-------- Given information --------
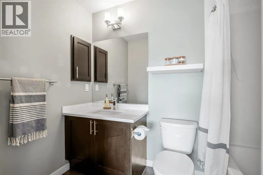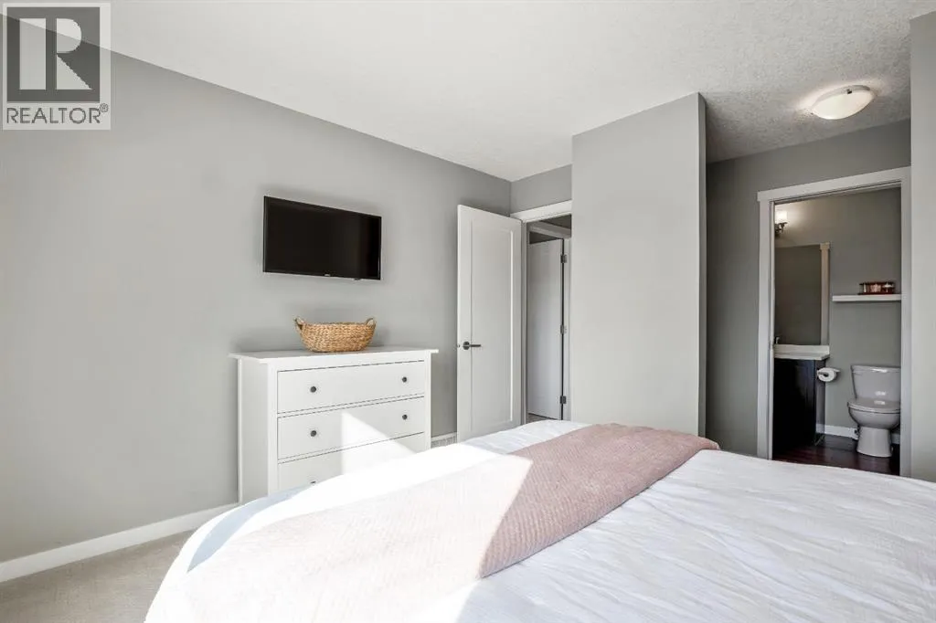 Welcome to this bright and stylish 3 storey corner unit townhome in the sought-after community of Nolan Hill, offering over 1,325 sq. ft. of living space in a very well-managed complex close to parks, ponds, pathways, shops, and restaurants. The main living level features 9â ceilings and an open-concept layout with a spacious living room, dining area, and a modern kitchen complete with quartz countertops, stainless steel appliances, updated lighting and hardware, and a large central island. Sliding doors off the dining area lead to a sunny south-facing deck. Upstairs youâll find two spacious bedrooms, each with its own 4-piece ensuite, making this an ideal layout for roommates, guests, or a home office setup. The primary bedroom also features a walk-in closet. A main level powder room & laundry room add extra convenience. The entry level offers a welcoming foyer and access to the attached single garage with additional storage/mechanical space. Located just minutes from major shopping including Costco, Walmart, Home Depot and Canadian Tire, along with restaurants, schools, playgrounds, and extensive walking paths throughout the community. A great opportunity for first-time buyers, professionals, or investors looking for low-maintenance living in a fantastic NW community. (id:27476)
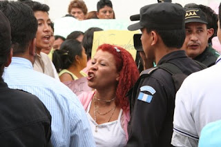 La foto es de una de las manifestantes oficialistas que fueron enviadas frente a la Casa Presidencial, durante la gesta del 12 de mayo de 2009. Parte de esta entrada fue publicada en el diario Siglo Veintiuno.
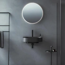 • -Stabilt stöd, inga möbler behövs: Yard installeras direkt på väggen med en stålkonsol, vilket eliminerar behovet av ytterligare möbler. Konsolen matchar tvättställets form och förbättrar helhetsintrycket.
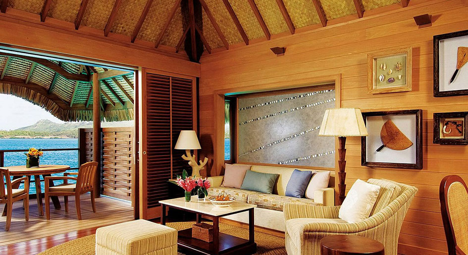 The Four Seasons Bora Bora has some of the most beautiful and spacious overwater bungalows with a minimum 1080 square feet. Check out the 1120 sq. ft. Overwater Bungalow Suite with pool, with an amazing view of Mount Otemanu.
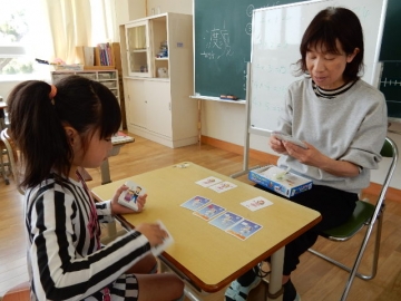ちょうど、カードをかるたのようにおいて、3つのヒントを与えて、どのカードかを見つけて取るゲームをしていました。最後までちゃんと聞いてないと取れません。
--------
How to complete this task
Copy exactly what appears in the entries, beginning with the first line and ending with the line that has "La foto es de", but not the pictures.

Response
 Welcome to this bright and stylish 3 storey corner unit townhome in the sought-after community of Nolan Hill, offering over 1,325 sq. ft. of living space in a very well-managed complex close to parks, ponds, pathways, shops, and restaurants. The main living level features 9â ceilings and an open-concept layout with a spacious living room, dining area, and a modern kitchen complete with quartz countertops, stainless steel appliances, updated lighting and hardware, and a large central island. Sliding doors off the dining area lead to a sunny south-facing deck. Upstairs youâll find two spacious bedrooms, each with its own 4-piece ensuite, making this an ideal layout for roommates, guests, or a home office setup. The primary bedroom also features a walk-in closet. A main level powder room & laundry room add extra convenience. The entry level offers a welcoming foyer and access to the attached single garage with additional storage/mechanical space. Located just minutes from major shopping including Costco, Walmart, Home Depot and Canadian Tire, along with restaurants, schools, playgrounds, and extensive walking paths throughout the community. A great opportunity for first-time buyers, professionals, or investors looking for low-maintenance living in a fantastic NW community. (id:27476)
 La foto es de una de las manifestantes oficialistas que fueron enviadas frente a la Casa Presidencial, durante la gesta del 12 de mayo de 2009. Parte de esta entrada fue publicada en el diario Siglo Veintiuno.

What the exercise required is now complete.